Work order: Every line below needs to be printed again exactly, without any of its pictures.

Dataset records:
○ ○ ○ ○

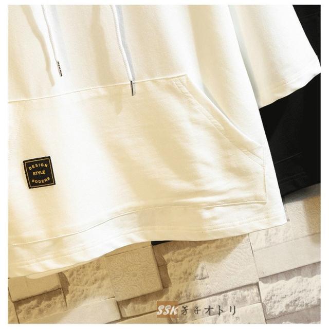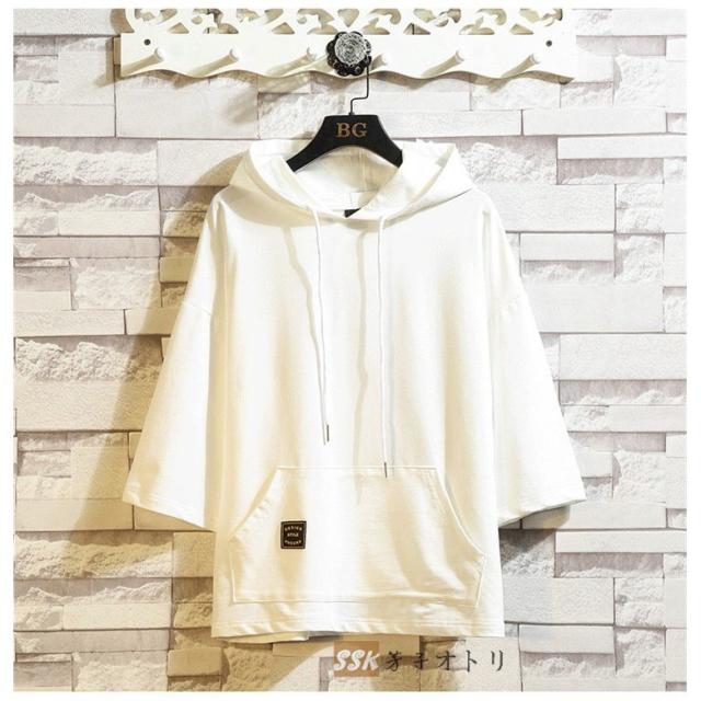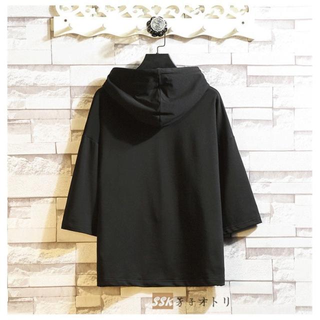 七分袖パーカー 夏服 無地 パーカー プルオーバーパーカー サマーパーカー 七分袖パーカー フード付き メンズ
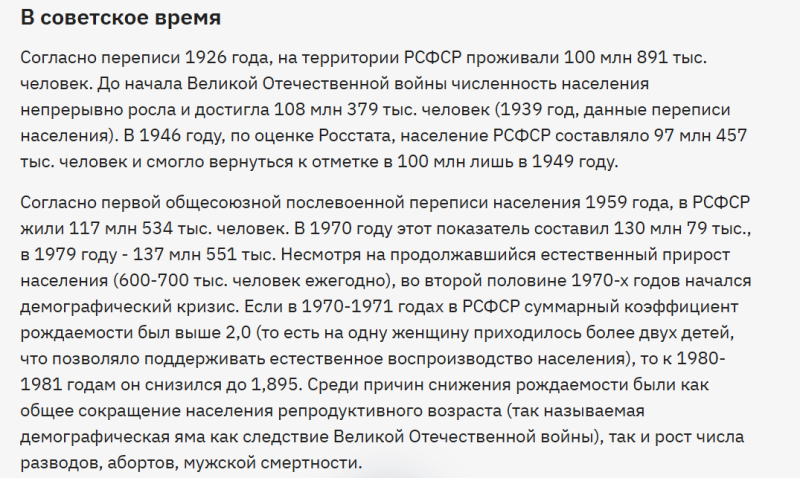 Население росло даже с учетом потерь в ВОВ. Не надо сказки рассказыаать. Достаточно посмотреть на количество населения. 159,2 млн человек — на конец 1913 года; 147 млн человек — на 17 декабря 1926 года; 194,1 млн человек — на 1 января 1940 года; 178,5 млн человек — на 1 января 1950 года; 208,8 млн человек — на 15 января 1959 года; 241,7 млн человек — на 15 января 1970 года; 262,4 млн человек — на 17 января 1979 года; 266,6 млн человек — на 1 января 1981 года. Первая цифра это РИ с учет
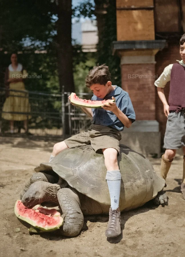 Мальчик и черепаха поедают арбуз в Зоопарке Бронкса, 1925 год.
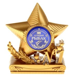 - кубок або медаль з іменним гравіюванням «Кращого рибака», неважливо, чи буде виконано виріб з дорогоцінних металів, головне, що воно займе своє почесне місце у колекції чоловіка після вручення на 23 лютого;
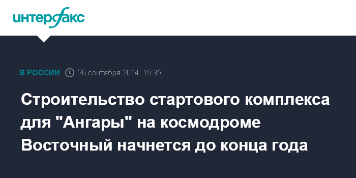 Москва. 26 сентября. INTERFAX.RU - Работы по созданию стартового комплекса для ракеты-носителя "Ангара" на космодроме Восточный в Амурской области начнутся до завершения текущего года, сообщил журналистам глава Федерального космического агентства (Роскосмос) Олег Остапенко.
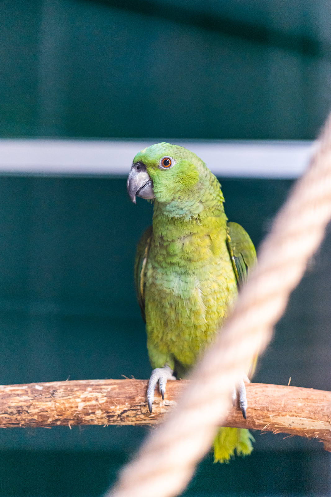 The exhibit illustrates how ecologically grown chocolate makes its way from cocoa plantations to consumers — the parrots are a nod to the fact that the plantation also serves as a sanctuary for exotic animals abandoned by drug cartels.
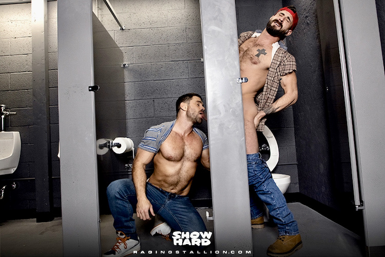 When you’ve been out on the road for a while and need an intense release, you can find a seedy roadside rest stop, where the men inside ‘SHOW HARD’ [show their hard-ons] to signal they’re ready for some hot, raw action. Award-winning director Tony Dimarco captures the raunchy bareback chronicles of spontaneous public restroom sex with eight hung and horny men eager to bust a nut. Beau Butler stops for a bathroom break and ends up getting his ass pounded deep by Sean Maygers … [on through 4 more scenes]
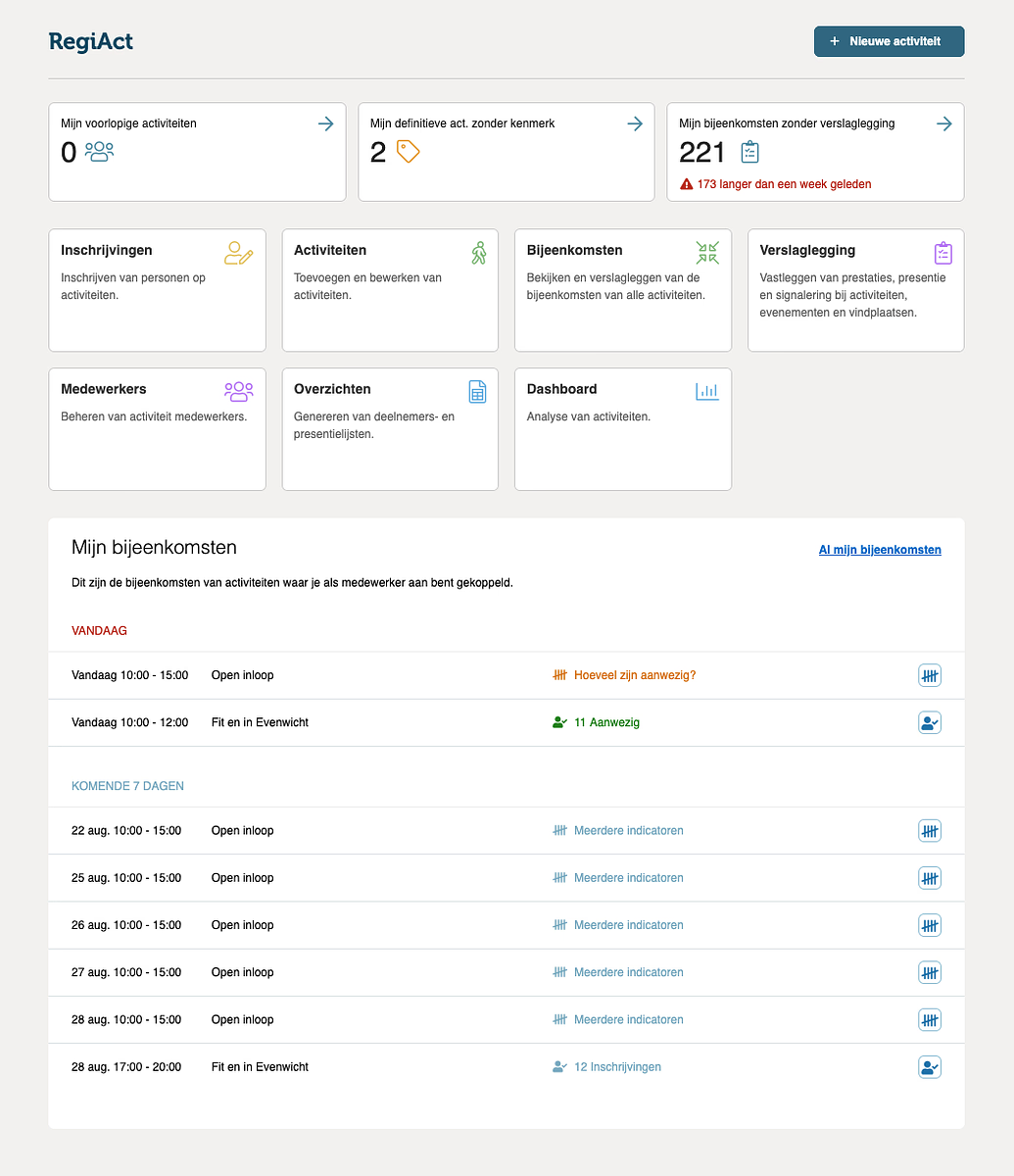 Daarnaast vind je op het scherm een nieuw blok met jouw bijeenkomsten van vandaag en de komende 7 dagen. Handig: je kunt direct de verslaglegging doen van de activiteiten van vandaag en in één oogopslag zien wat er nog op je agenda staat.

○ ○ ○ ○

Output for this task:
 七分袖パーカー 夏服 無地 パーカー プルオーバーパーカー サマーパーカー 七分袖パーカー フード付き メンズ
 Население росло даже с учетом потерь в ВОВ. Не надо сказки рассказыаать. Достаточно посмотреть на количество населения. 159,2 млн человек — на конец 1913 года; 147 млн человек — на 17 декабря 1926 года; 194,1 млн человек — на 1 января 1940 года; 178,5 млн человек — на 1 января 1950 года; 208,8 млн человек — на 15 января 1959 года; 241,7 млн человек — на 15 января 1970 года; 262,4 млн человек — на 17 января 1979 года; 266,6 млн человек — на 1 января 1981 года. Первая цифра это РИ с учет
 Мальчик и черепаха поедают арбуз в Зоопарке Бронкса, 1925 год.
 - кубок або медаль з іменним гравіюванням «Кращого рибака», неважливо, чи буде виконано виріб з дорогоцінних металів, головне, що воно займе своє почесне місце у колекції чоловіка після вручення на 23 лютого;
 Москва. 26 сентября. INTERFAX.RU - Работы по созданию стартового комплекса для ракеты-носителя "Ангара" на космодроме Восточный в Амурской области начнутся до завершения текущего года, сообщил журналистам глава Федерального космического агентства (Роскосмос) Олег Остапенко.
 The exhibit illustrates how ecologically grown chocolate makes its way from cocoa plantations to consumers — the parrots are a nod to the fact that the plantation also serves as a sanctuary for exotic animals abandoned by drug cartels.
 When you’ve been out on the road for a while and need an intense release, you can find a seedy roadside rest stop, where the men inside ‘SHOW HARD’ [show their hard-ons] to signal they’re ready for some hot, raw action. Award-winning director Tony Dimarco captures the raunchy bareback chronicles of spontaneous public restroom sex with eight hung and horny men eager to bust a nut. Beau Butler stops for a bathroom break and ends up getting his ass pounded deep by Sean Maygers … [on through 4 more scenes]
 Daarnaast vind je op het scherm een nieuw blok met jouw bijeenkomsten van vandaag en de komende 7 dagen. Handig: je kunt direct de verslaglegging doen van de activiteiten van vandaag en in één oogopslag zien wat er nog op je agenda staat.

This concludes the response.